• Required action: Copy nothing but the lines from the one containing "Vue du village" through the last line of the records, repeated exactly and without pictures.

◇ ◇ ◇

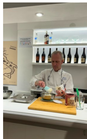
Nola egin tiramisú bat Cómo elaborar un Tiramisú MEMORIA DEL PALADAR (MASSIMO DI CENCIO)
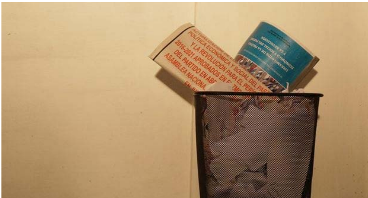
Lineamientos del VI Congreso del Partido Comunista.
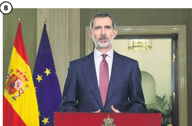
8 ESTADO. Mensaje de unidad a los españoles El 18 de marzo, el rey Felipe VI compareció por primera vez en un discurso en el que llamó a «dejar de lado nuestras diferencias» y que fue respondido con una cecerolada desde algunos balcones.
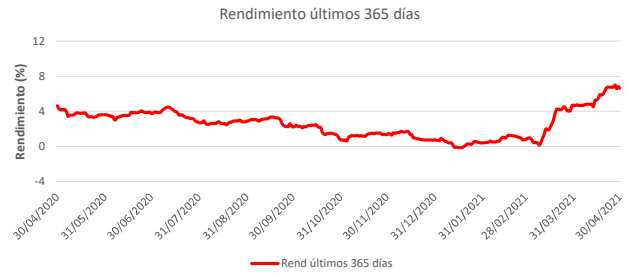
Fondo BAC San José Sin Fronteras No diversificado: Rendimiento últimos 365 días Del 30 de Abril de 2020 al 30 de Abril de 2021
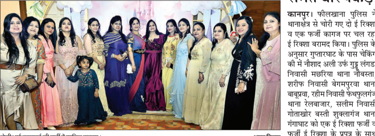
जेसीआई ब्रह्मवर्त की पार्टी में शामिल सदस्य।

अमृत विचार। जेसीआई ब्रह्मवर्त के जेसीरेट विंग के प्रिंसेस पार्टी कार्यक्रम में सोमवार महिला सदस्यों ने जमकर धमाल मचाया। मोतीझील स्थित एक होटल में सोमवार को आयोजित प्रिंसेस पार्टी की तैयारियां काफी समय से चल रही थीं और इसका इंतजार भी था। सोमवार को सभी जेसीरेट प्रिंसेस वेशभूषा में आईं। सभी सदस्यों को आठ समूहों में विभाजित किया गया और सभी समूहों के नाम महार प्रिंसेस ऐलसा, मुलान, ऐरियल, स्नोव्हाइट, रुजल आदि रखे गए। कई आकर्षक व रोचक गेम खेले गए। जैसे ड्रेस लाइक प्रिंसेस, सिनडरेला के शूज,
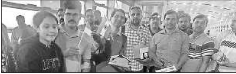
सूडान से शुक्रवार को बंगलुरु पहुंचा भारतीयों का जत्था।

स्थानीय निवासियों ने खार्तूम के काफौरी में भीषण संघर्ष की सूचना दी। इससे पहले, इसी मार्च पर सेना ने अपने प्रतिद्वंद्वी पैपिड सपोर्ट फोर्स पर बमबारी करने के लिए युद्धक विमानों का इस्तेमाल किया था। सेना के मुख्यालय, सूडान में राष्ट्रपति के आवास हरिपब्लिकन पैलेसह और
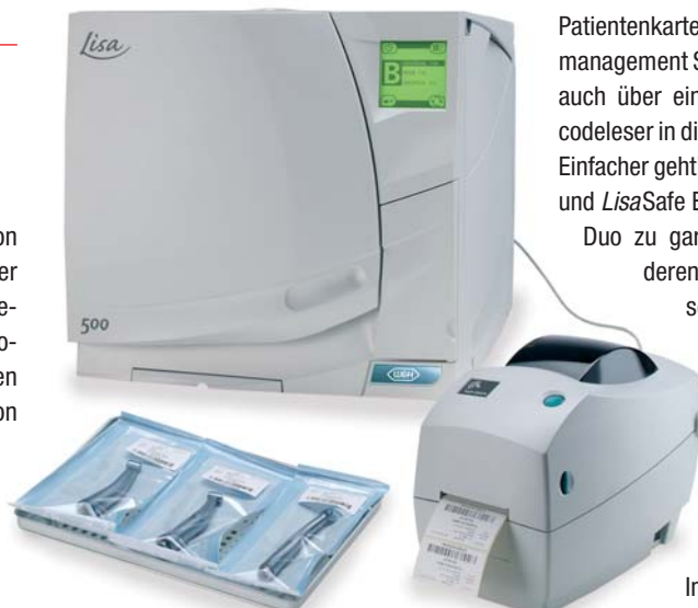
LisaSafe: fehlerlose Dokumentation.

Tel.: 0 25 04/9 32 23 00 E-Mail: Info@aesthetico.de www.aesthetico.de
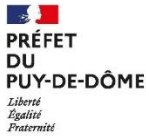
Schéma départemental des gens du voyage - CC AMBERT LIVRADOIS FOREZ État des lieux (mise à jour: septembre 2021)
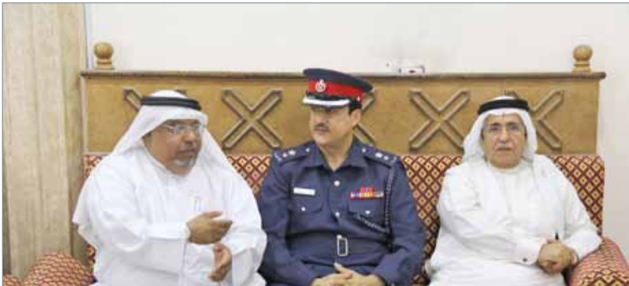
• جانب من النقاشات بالمجلس

يقع بين مصنع الثلج وجسر المحرق القديم البدء بمشروع "سعادة" ... مطاعم بحرية ورحلات
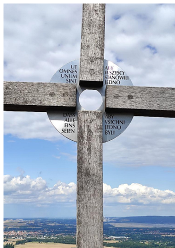
Der Herzenswunsch Jesu, dass alle eins seien, gilt jedem Menschen.

Da sind die spontanen Einfälle , die Gedankenblitze und die „Ein-
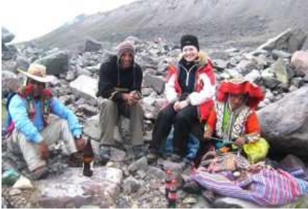
Zwischen Upis und Ausangate auf 5.200 m Höhe bei der Vorbereitung des Opferrituals

die Gedanken und Gefühle anderer Menschen wahrzunehmen. Der wichtigste Schlüssel für die Kommunikation mit ihrem tiefsten Inneren ist, ihre Sprache zu erlernen. Über die verschiedenen Dialekte der Quechua-Sprache, aber heute auch über das Spanische, vermitteln uns die Quechuas ihre Gedankenwelt und lassen uns teilhaben an ihrem Leben im rauhen Hochgebirge, in den milden Tälern und im grünen Dickicht des Urwaldes.
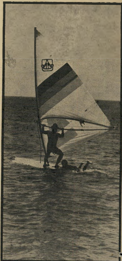
רופא ד"ר ב.ס. חברה של השחי קניית נבי אלדור, גולש עם גלשן ציבעוני, שניתן לשכור בכפר.

מבית החולים בלי עין אחת ועם תעודת נכה, הוא זכה לכינוי "גלסון", על שמו של האדמירל הבריטי שחוסהעין.
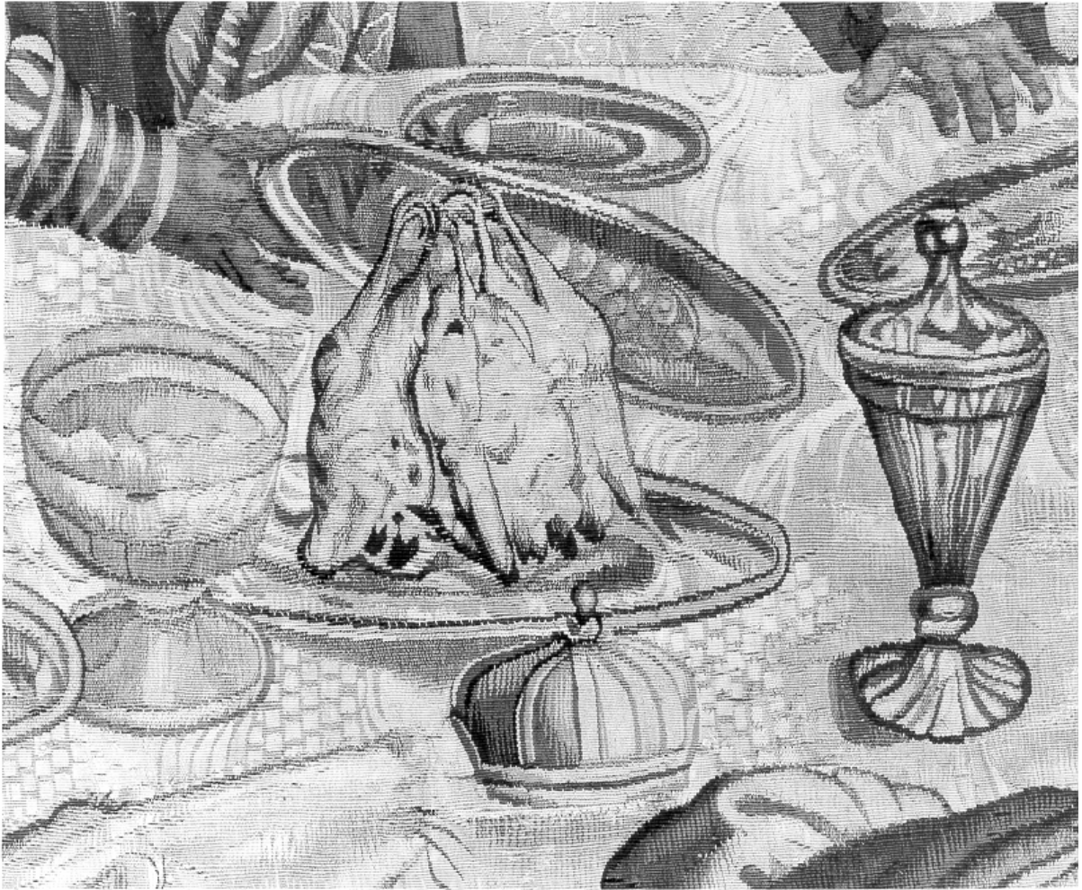
Le Repas de chasse (détail de volailles)

Tenture des Chasses de Maximilien. 7 ème tenture. Gobelins vers 1720. Musée national du château de Pau. Salle à manger des cent couverts.
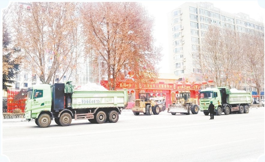
以雪为令，保畅保通
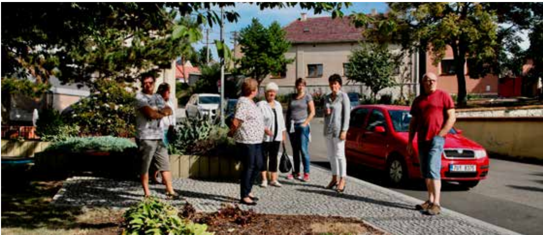
Exkurze pro členy HSRM po úspěšně zrealizovaných projektech, které regionální tripartita podpořila, zavedla její účastníky také do Skršína.
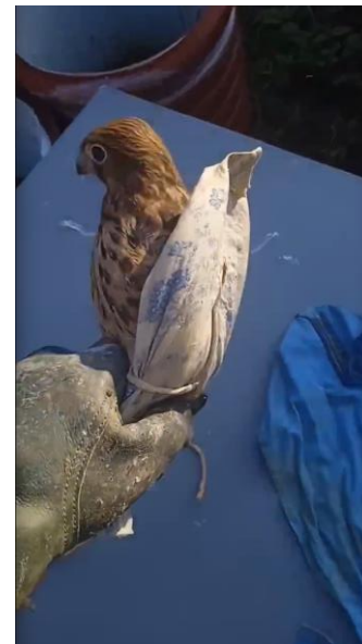
Пример использования фиксирующей пелёнки
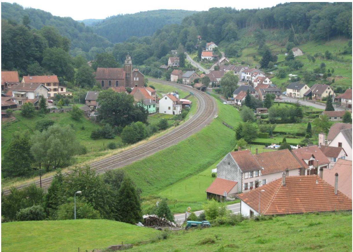
Vue du village divisé en deux par la voie ferrée

Le chemin de fer traverse le village et coupe celui-ci en 2 parties. Ce fut un bouleversement du paysage mais ô combien bénéfique pour la région, le village et sa population. La voie de communication vers Strasbourg et Sarreguemines a servi et sert toujours comme moyen de transport et de liaison pour rejoindre un lieu de travail ou d'autres destinations.
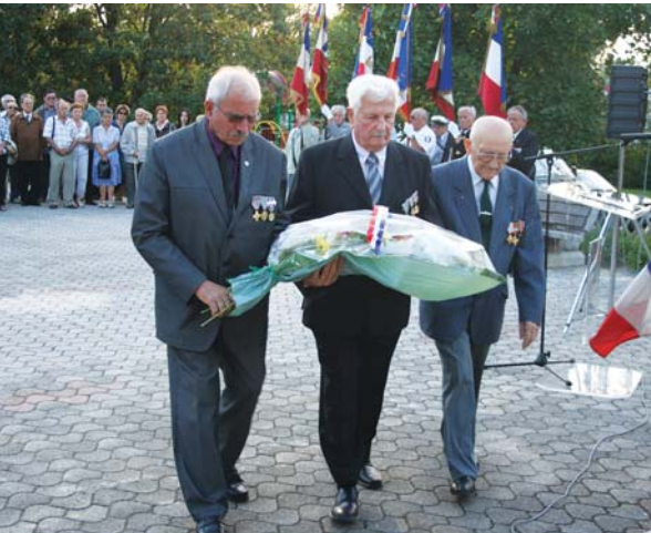
Lors du dépôt de gerbe des anciens combattants

Émouvante commémoration de la libération de la commune, le 30 août

◇ ◇ ◇

• Completed task:
Vue du village divisé en deux par la voie ferrée

Le chemin de fer traverse le village et coupe celui-ci en 2 parties. Ce fut un bouleversement du paysage mais ô combien bénéfique pour la région, le village et sa population. La voie de communication vers Strasbourg et Sarreguemines a servi et sert toujours comme moyen de transport et de liaison pour rejoindre un lieu de travail ou d'autres destinations.
Lors du dépôt de gerbe des anciens combattants

Émouvante commémoration de la libération de la commune, le 30 août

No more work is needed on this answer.